安倍政権は年内もしくは年明けには終焉の時期を迎えるだろうと、海外だけで なく日本国民も思っていたに違いない。でも、今回のように現実逃避的な辞任 となると想定された状況とはかなり違ってくる。

日本の首相が入れ替わりが激しいことなど内外ともに周知の事実であるが、辞 任した人は次なる後継者にしっかりとバトンを渡すまでは首相としての役割を 果たさねばならない。小泉首相の前の森首相だって、自民党の総裁選が終わるまでは日本を代表する人物としてそのポジションを全うしたものである。

それができなかった安倍首相は正直言って「再登板はない!」と言い切れるだろう。 米国バロンズ誌の記事によると、英国の調査会社のエコノミストは、安倍内閣を「金融・財政のポリシーミックスでとんでもない間違いをおかした」と評して
いる。また、現状の日本は、「失われた10年」である90年代に近づいている感があるとも言っている。

国民は代議士先生の「政治ごっこ」にお付き合いするのもたいがいにしたいと思っているはずである。無責任なのは安倍首相だけではなく、安倍首相を辞任に追いやった政治家の体質そのものであるはずだ。

さて、無責任と言えば、最近のIPOも例外ではない。

今朝の日経新聞に、主幹事証券会社の引き受けシェアで野村證券が金額ベースで最大となった、と言う記事があった。

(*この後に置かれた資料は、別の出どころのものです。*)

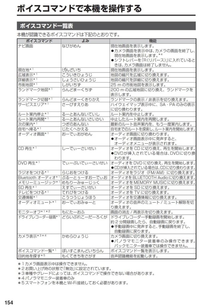 しかし、改めて純正ナビ(パナソニック製)の説明書を見てみると「ボイスコマンド」という機能が上記の音声認識とは独立した機能であるということに気づきました。
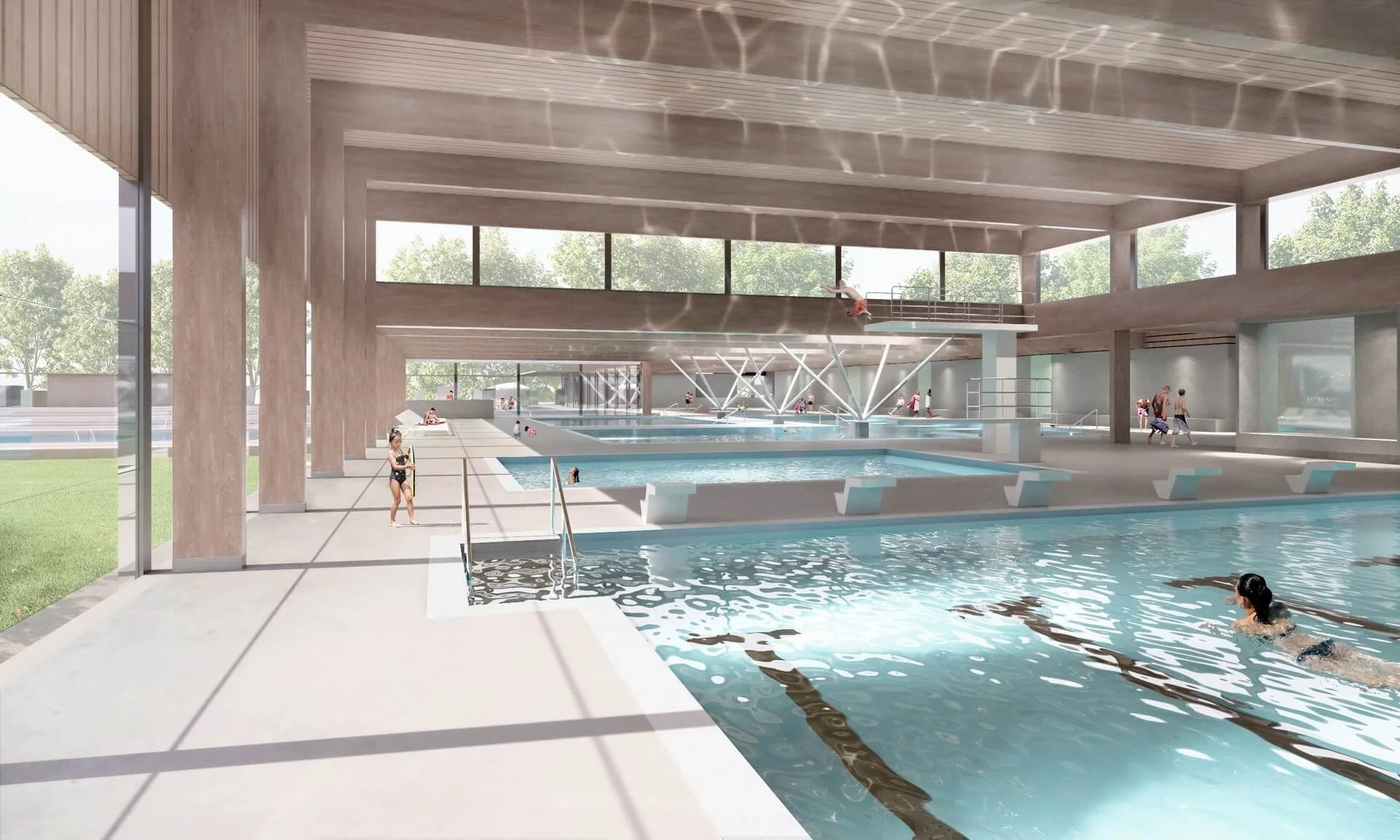 Unsere Visualisierungen zu dem Wettbewerb Neubau des Kombibads Herzogenried in Mannheim
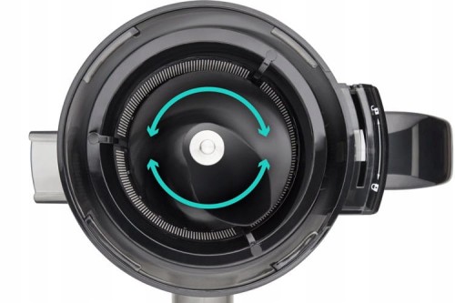 System jednoślimakowy, moc 2000 W oraz prędkość w zakresie 40-65 obrotów/minutę zapewniają wysoką wydajności, która sprawi, że zawsze wyciśniesz maksymalną ilość soku. Zaletą jest bieg wsteczny, który pomoże Ci odblokować urządzenie, gdy podczas pracy zostanie ono zablokowane np. przez pestkę owocu.

主幹事業務というビジネスをやっている証券会社は「金額×手数料率」で収益が入ってくる。しかしながら、引き受けた新規公開株式はすべからず投資家に販売され、募残が出ない限りそのリスクは限定されている。

そのIPO株はここのところ6銘柄続けて初値が公開価格を割り込んでいる。

その上に初値が付いた後の株価は公募・売り出し株を買った個人投資家の投げ売りで更に株価を下げるという展開になってしまっている。

これでは買い手不在になるのは当然であり、IPOの件数は2000年以降最低の件数になるのも仕方がない。

ここで無責任であると私が考えるのは、主幹事証券会社もさることながら、プレヒアリングで経営者の話を聞いて、仮条件の参考となるブックビルディングのレンジを提示する機関投資家である。

市場参加者の中では一番市場を良く知っていると言われている機関投資家は上場日に買いを入れる存在でもないわけだから中立的な存在といえるかもしれないが、自らが投資をする前提で株価に言及して欲しいものである。

もしくは市場の環境を考えれば、今の環境はIPOには適していない、というコメントをするのがプロの投資家ではないだろうか。

挙句の果てには、上場後に大幅に割安となったところでIPO株を買い漁るというのが今の機関投資家ではないだろうか。

個人投資家が株で損失を被るとその苦情は企業へと向かう。過去なら証券会社の営業マンに向かったのだが、今は個人投資家と企業が直接コミュニケーションする時代になったから主幹事証券会社はポストIPOの株価で煩うこともないだろう。

そこに付け込んだ安易なIPOビジネスが新興株式市場を更に悪化させる原因にもなっている。

その意味において上場後の株価に対して何のアクションも取らない主幹事と、プレヒアに応じた機関投資家はまったく無責任としか言いようがない。 

もし仮に無責任なことをやっていると感じるIPOビジネス関係者がいたらここは少し立ち止まって熟考すべきときに違いない。 

我々国民は株式投資において失われた10年をもう一度繰り返すのは御免被りたいものである。